-- EXERCISE GOAL --
Can you print the data exactly and leave out each image?

################

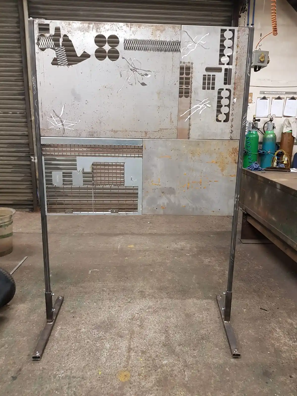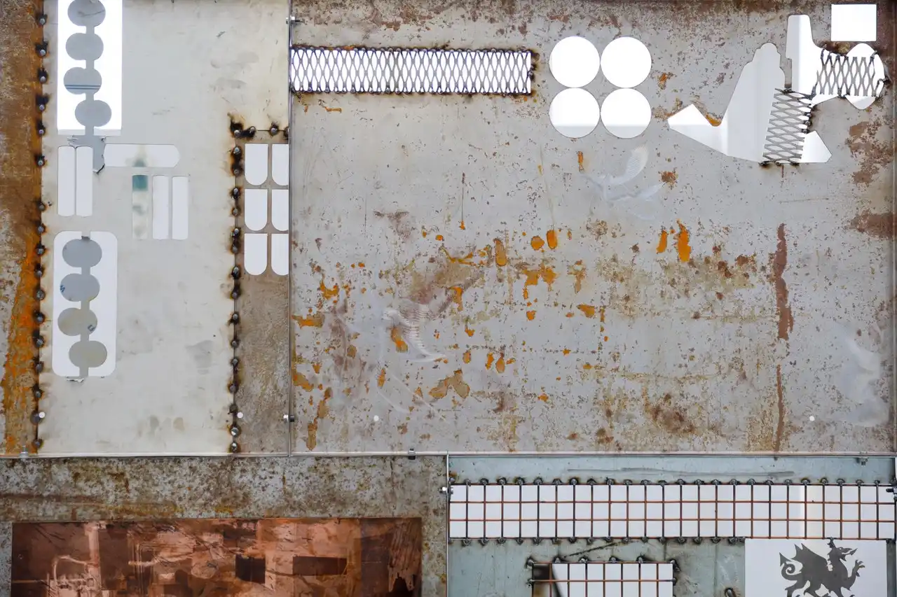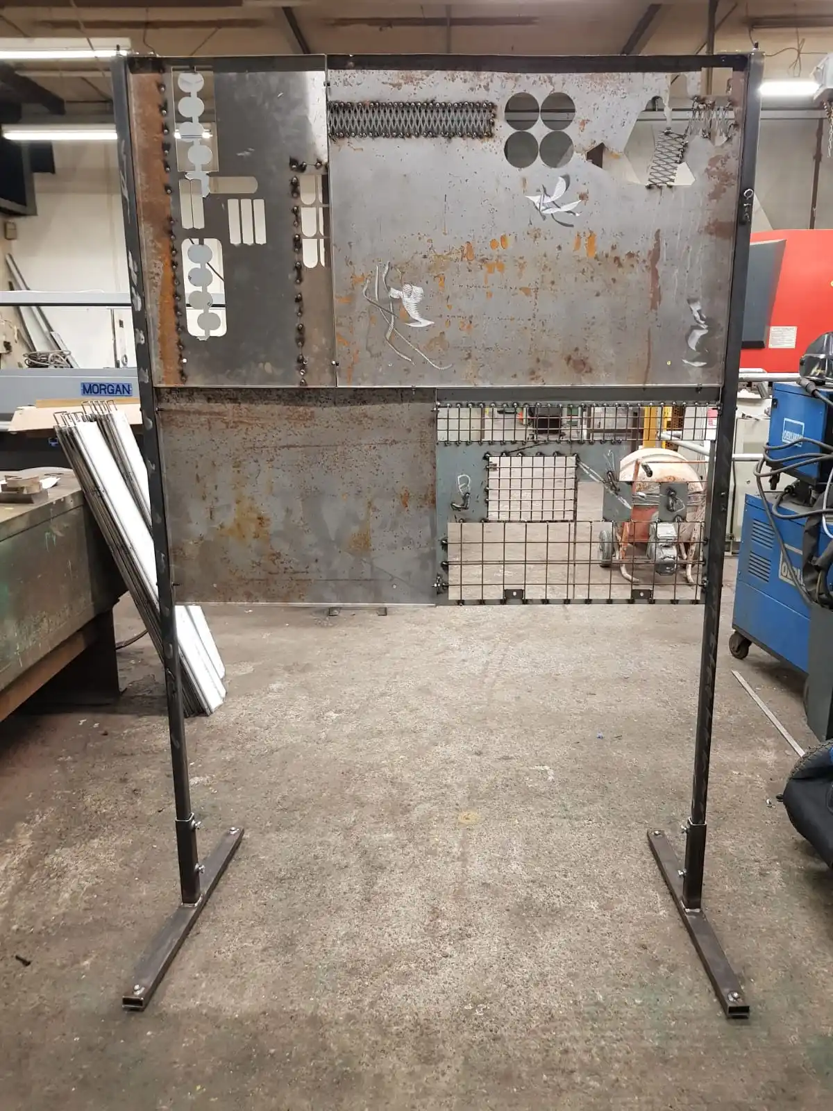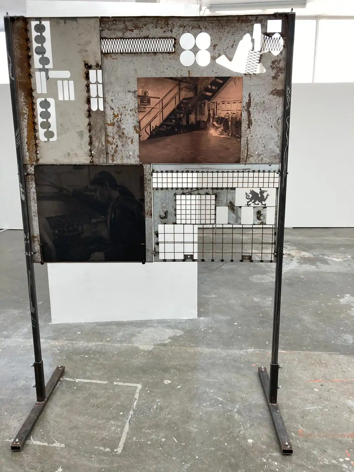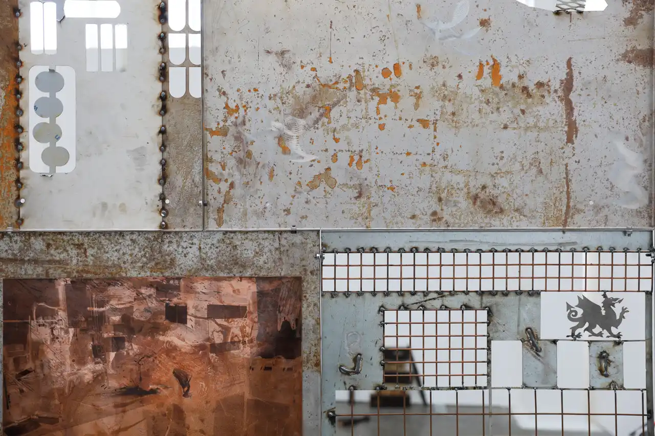 Visits to the engineering site in Swansea led me to the proposal of the construction of a sculptural piece which resembled a fire retardant screen used by the fabricators during the welding process. I wanted the piece which was made entirely on site with cut-offs/salvaged material to reflect the relevance to the operatives themselves. The pieces themselves have all been returned to the site and where future pieces will be mounted. The fabricators themselves have been encouraged to interact with the piece by placing their own work thereon. This was a main purpose/theme for myself in constructing the piece “in house” and has served in celebrating and acknowledging the employees. I also produced a number of paper prints which were gifted to the site along with three framed photographic prints which have now been displayed in their conference room.
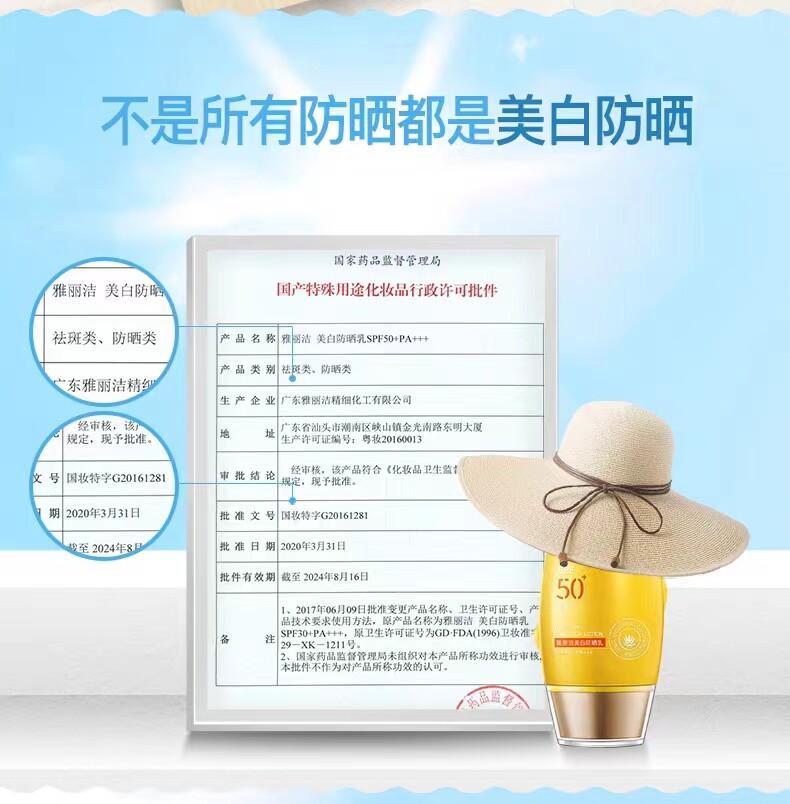 雅丽洁美白防晒霜女面部防紫外线清爽不油腻隔离乳正品官方吴小白
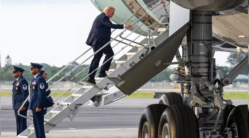 রবিবার নিরাপত্তার কারণে ট্রাম্পকে তুলনামূলক ছোট সিঁড়ি দিয়ে বিমানে উঠতে হয়েছে বলেও খবর পাওয়া গেছে।
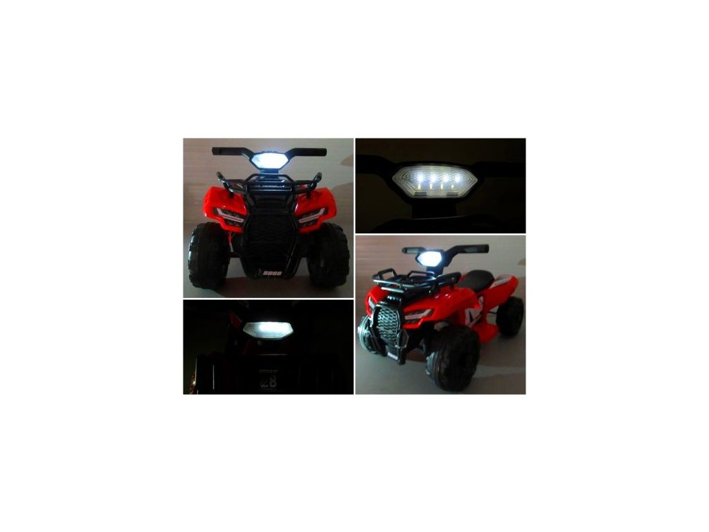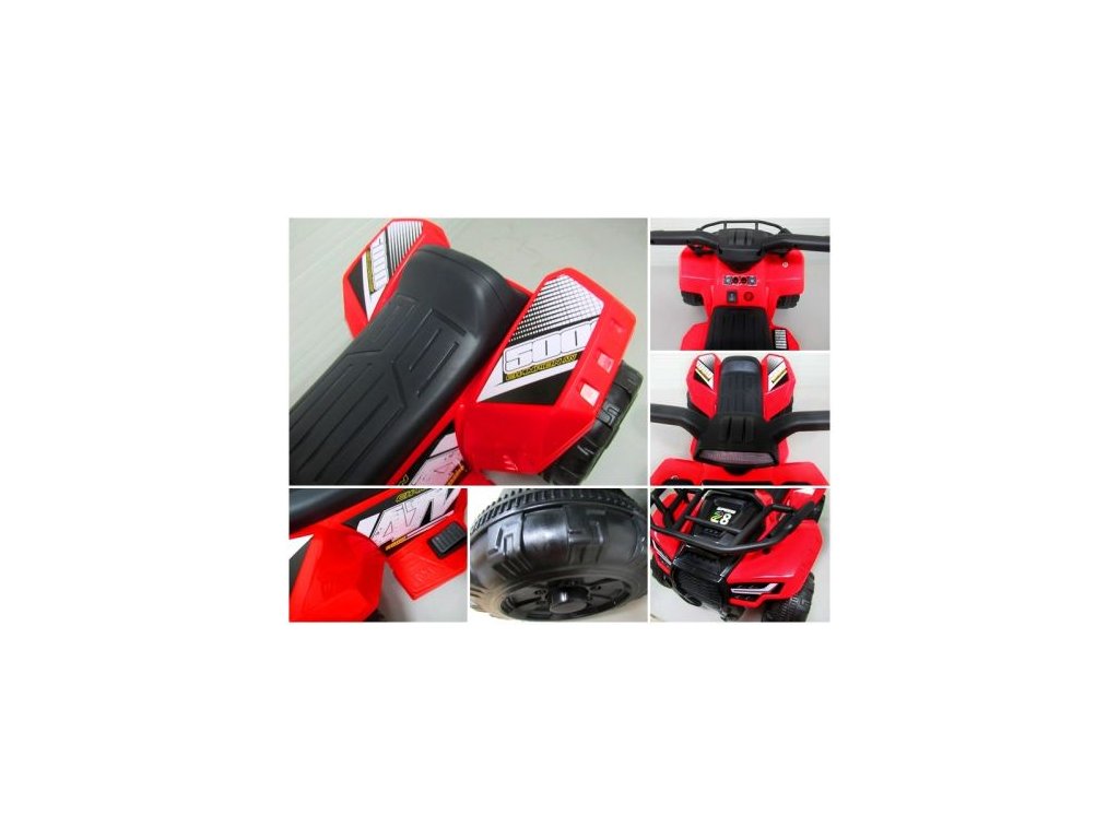 Dětská elektrická čtyřkolka je vybavena motorem o výkonu 35W a širokými koly. Čtyřkolka hravě zvládne různé typy terénu, nezpevněný povrch i zahradu.
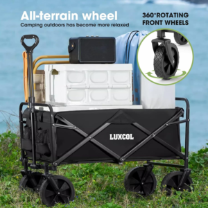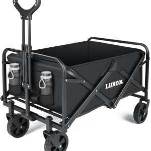 - 【Easy storage and space saving】 When camping, it is often difficult to carry equipment. In this case, a folding wagon can solve the problem. The wagon folds up to only 5 inches thick! Folding measures approximately 17 “x 5” x 24 “. There’s also a handy handle that you can put effortlessly in the trunk or behind the seat. Meanwhile, the portable wagon weighs only 15.4 pounds. It’s very lightweight, so you won’t feel burdened if you want to carry it around
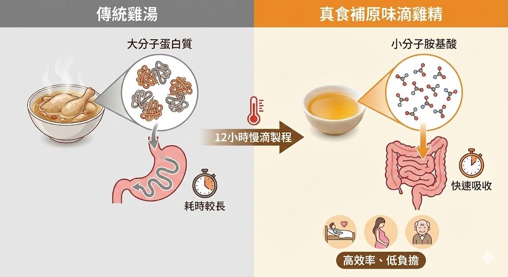滴雞精、鱸魚精與鱘龍魚精等產品的核心價值,在於其製程工藝實質上是一種「體外預消化(Pre-digestion)」的過程。
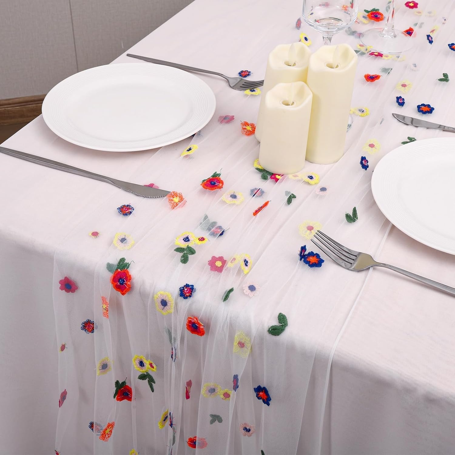 Lvory Floral Table Runner 10 FT, Embroidery Daisy Table Runners Seasonal Sheer Tulle Table Runner for Thanksgiving Wedding Birthday Baby Shower Party
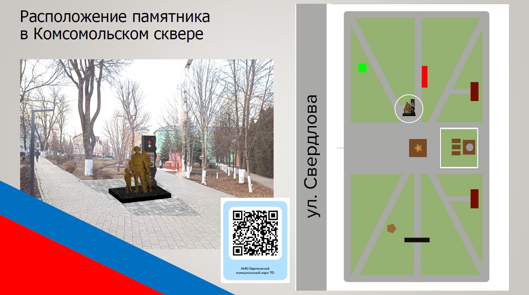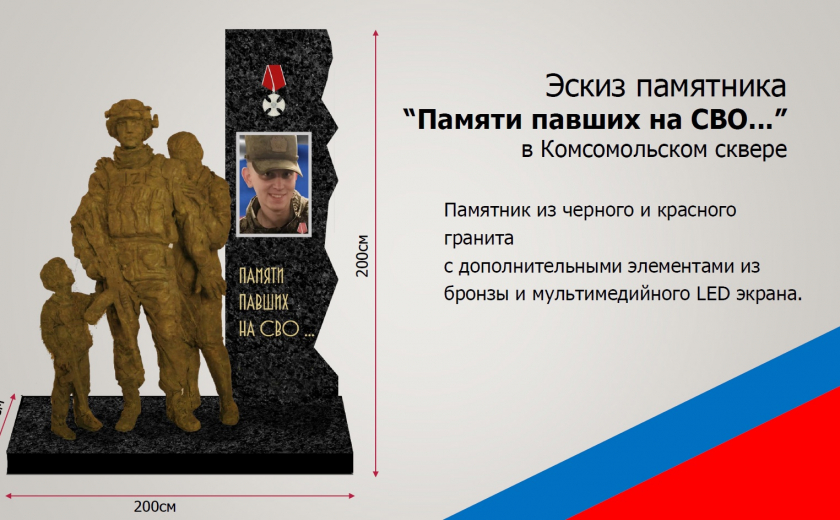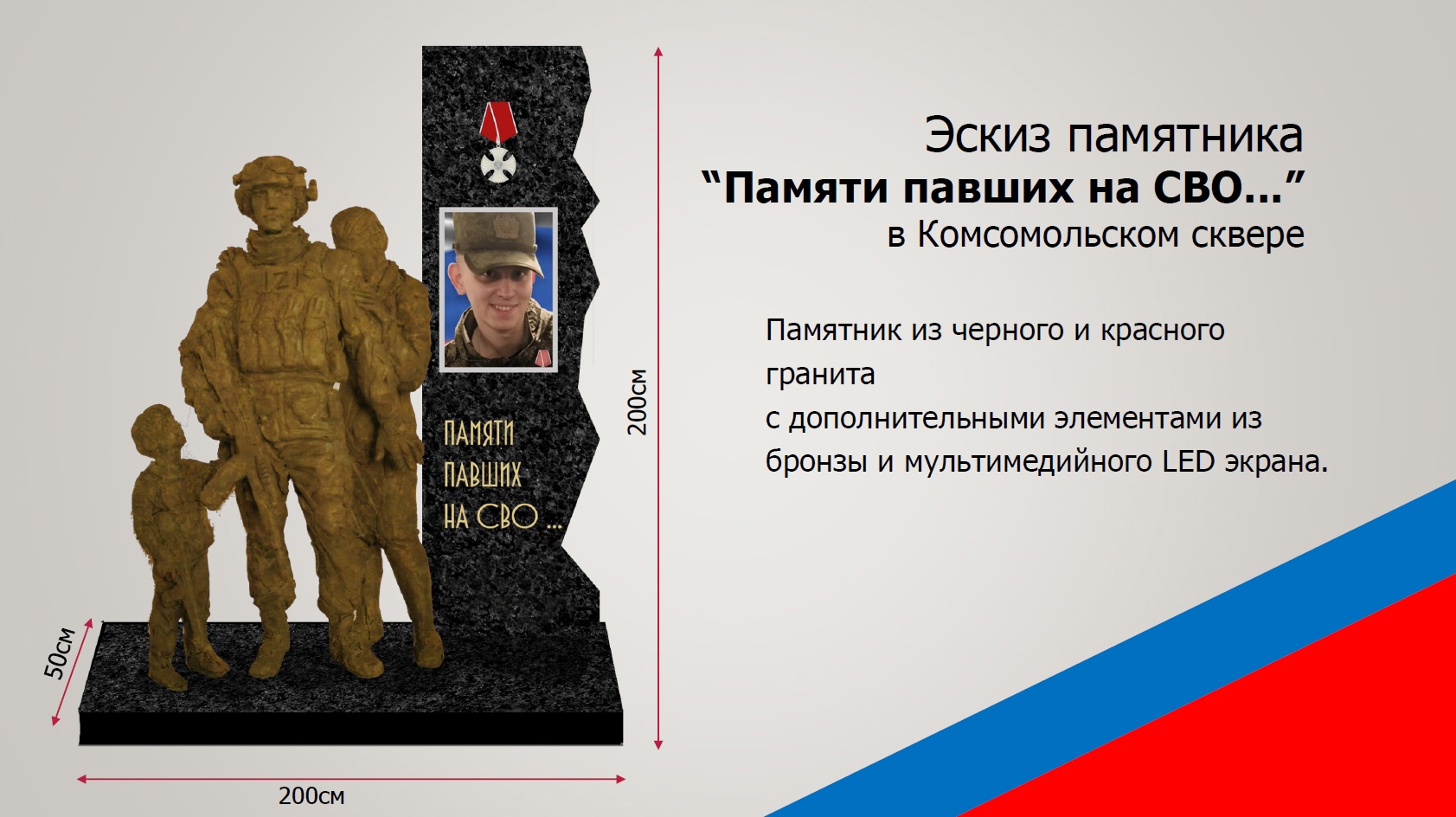 Второй, более масштабный памятник, будет установлен в Комсомольском сквере после окончания СВО. Он будет выполнен из гранита и включать бронзовую скульптуру воина с супругой и ребенком», — рассказала в своих соцсетях глава администрации Светлана Давыдова.

################

-- RESPONSE AREA --
 Visits to the engineering site in Swansea led me to the proposal of the construction of a sculptural piece which resembled a fire retardant screen used by the fabricators during the welding process. I wanted the piece which was made entirely on site with cut-offs/salvaged material to reflect the relevance to the operatives themselves. The pieces themselves have all been returned to the site and where future pieces will be mounted. The fabricators themselves have been encouraged to interact with the piece by placing their own work thereon. This was a main purpose/theme for myself in constructing the piece “in house” and has served in celebrating and acknowledging the employees. I also produced a number of paper prints which were gifted to the site along with three framed photographic prints which have now been displayed in their conference room.
 雅丽洁美白防晒霜女面部防紫外线清爽不油腻隔离乳正品官方吴小白
 রবিবার নিরাপত্তার কারণে ট্রাম্পকে তুলনামূলক ছোট সিঁড়ি দিয়ে বিমানে উঠতে হয়েছে বলেও খবর পাওয়া গেছে।
 Dětská elektrická čtyřkolka je vybavena motorem o výkonu 35W a širokými koly. Čtyřkolka hravě zvládne různé typy terénu, nezpevněný povrch i zahradu.
 - 【Easy storage and space saving】 When camping, it is often difficult to carry equipment. In this case, a folding wagon can solve the problem. The wagon folds up to only 5 inches thick! Folding measures approximately 17 “x 5” x 24 “. There’s also a handy handle that you can put effortlessly in the trunk or behind the seat. Meanwhile, the portable wagon weighs only 15.4 pounds. It’s very lightweight, so you won’t feel burdened if you want to carry it around
滴雞精、鱸魚精與鱘龍魚精等產品的核心價值,在於其製程工藝實質上是一種「體外預消化(Pre-digestion)」的過程。
 Lvory Floral Table Runner 10 FT, Embroidery Daisy Table Runners Seasonal Sheer Tulle Table Runner for Thanksgiving Wedding Birthday Baby Shower Party
 Второй, более масштабный памятник, будет установлен в Комсомольском сквере после окончания СВО. Он будет выполнен из гранита и включать бронзовую скульптуру воина с супругой и ребенком», — рассказала в своих соцсетях глава администрации Светлана Давыдова.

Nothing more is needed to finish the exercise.